July 18th. Day of the Aran Islands. Well, we visited Inis Mór (Inishmore) not all of them but still.
Breakfast was a bit lacking even though I normally do not eat that much for breakfast in the first place. As it was a tad rainy, we drove to the port. My friend had already booked and paid for the Doolin2Aran ferry ride to Inis Mór so we only had to get on board. On our way to Inis Mór we got to see cliffs of Moher, but we also stopped in Inis Meáin (Inisheer) and Inis Oírr (Inishmaan). Which led my friend to worry that we had taken a wrong ship. But we arrived to Inis Mór safe and sound. She had also booked us a tour of the island so we had to find our guide for the day and our tour of the island could begin.
Inis Mór


Inis Mór is the biggest of the three Aran Islands. When visiting Ireland and have a day to spare, then definitely worth visiting. We took a guided tour but it was also possible to rent a bike or walk. Though walking would not give so much time to see around.

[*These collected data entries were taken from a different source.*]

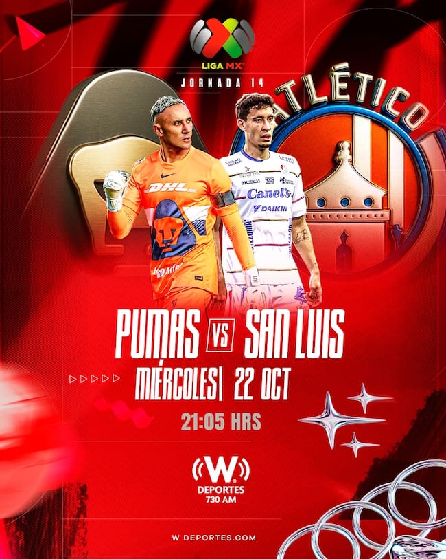 Se juega partido de la jornada 14 de la Liga BBVA MX, cuando Pumas reciba al Atlético de San Luis en el Estadio Olímpico Universitario.
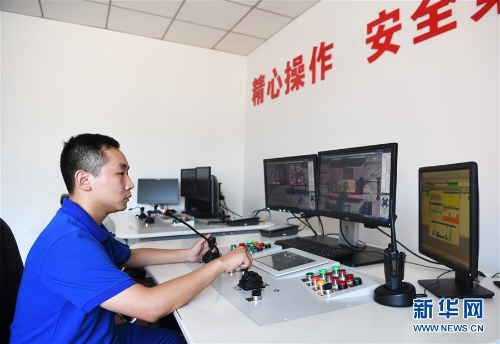 8月20日,重庆果园港工作人员通过智能场桥远控系统进行集装箱吊装作业。新华社记者王全超/摄
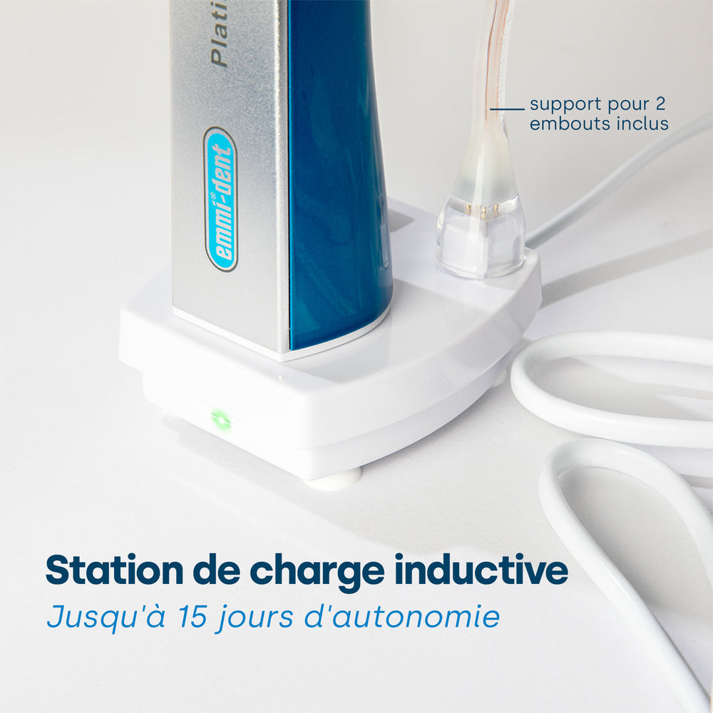 L'emmi-dent Platinum a une durée de vie de la batterie plus longue que ses modèles prédécesseurs. Avec une utilisation régulière 2 à 3 fois par jour, le Platinum peut durer jusqu'à 15 jours avant de devoir être rechargé. Cette durée de vie prolongée de la batterie (lithium-ion) offre commodité et utilisation ininterrompue et élimine le besoin de charges fréquentes.

As we were first on the small bus, we got the first row seats which was nice. Our guide (whose name unfortunately I cannot remember) was wonderful. He was very informed, knew how to communicate with people, was funny and helpful. We were taken across the stony island. When Burren (and the west coast) was stony, Inis Mór was even more so. Limestone is a part of the landscape. Low stone walls and limestone everywhere.

Dun Aengus
First, we were taken to Dun Aengus, a semicircular stone fort that rests on a cliff`s edge. The cliffs were just as impressive as the Moher. The coach couldn`t take us to the top so we were able to walk. If only I would have had more time to enjoy the surroudings. The weather was also so good.


 Back in the little village (?) next to the visitor centre we ate lunch and were on our way back to meet the coach that was waiting next to Kilmurvy Beach.
Na Seacht dTempaill

Then we were taken to Na Seacht dTempaill (seven churches) near the village Eoghnacht. There are actually two churches still standing despite the name.  In the Middle Ages Na Seacht Teampaill was probably the most important pilgrimage destination on Inis Mor.


 Driving back we took a tiny break somewhere by the coast but I cannot remember the name where.
Then there were the seals. And that concluded our tour of the island. Would have liked to have more time. Most of the people from our tiny group were taking another boat so they had an hour to spend in Kilronan but our boat was to set off so we did not.

Doolin
Moher walking trail
Cliffs of Moher
Back in Doolin I had some time to take a short walk on the Moher coastal trail. As the kitchen was closed at nine and I wanted to have dinner I had two hours. Got a lovely view of Doolin reaching the beginning of the trail. The sun was still shining so the walk was simply breathtaking. I move fast otherwise I never would have made it that far. I saw some people on the way.  One of the things I miss about Ireland is saying "Hello" to strangers. Anyway, the trail by Moher was well marked. The beginning had cliffs but they grew more and more higher as the road went on. Every turn revealed something amazing. Finally I reached my destination and just sat there on the edge watching the cliffs with my mouth open I suppose.If only I would have had more time.